Computer Vision and OCR with Python

#python #computerscience

Making the computer have eyes is no easy task. Yes, you can grab a webcam feed but that doesn't mean the computer can parse what it's looking at.

Recent developments did push the field forward. With Deep Learning technology they can now do basic observations of different objects in many different positions.

So if you don't know anything about deep learning or neural networks, how do you get started in the field of computer vision?

Of course you cannot started with the most complicated concepts and work your way backwards. You have to start at the basics.

At the most basic level, you can do pattern recognition. To reduce complexity, I recommend starting out by learning Python as opposed to C++.

Character recognition (OCR) is a very basic task of Computer Vision.

OCR with Tesseract

We can recognize basic characters (a,b,c) from an image. This is named "Optical Character Recognition". Tesseract is a free OCR engine.

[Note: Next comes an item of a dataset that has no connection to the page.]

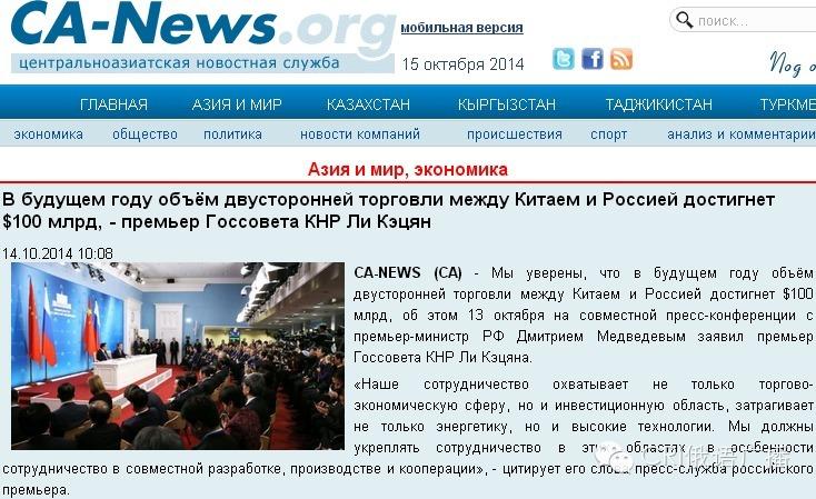中亞新聞社:中俄雙邊貿(mào)易額將達(dá)到1000億美元,而中俄合作對(duì)中亞地區(qū)的發(fā)展具有決定性影響,因此,中亞媒體格外關(guān)注兩大國的合作動(dòng)向。

apt-get install tesseract-ocr

In the terminal you can do:

tesseract example.png output.txt
cat output.txt

where example.png is this image:

OCR with Python

You can use Python to interact with Tesseract. Install the modules pillow and pytesseract

pip install Pillow
pip install pytesseract

Then you can run this code which will translate the text on the image to text in the terminal:

#!/usr/bin/python3
from PIL import Image
import pytesseract

def ocr_core(filename):
    text = pytesseract.image_to_string(Image.open(filename))
    return text

print(ocr_core('example.png'))

This is a very basic example of computer vision. There's a lot more you can do using all kinds of techniques. However, I think that any introduction to a field should be as simple as possible.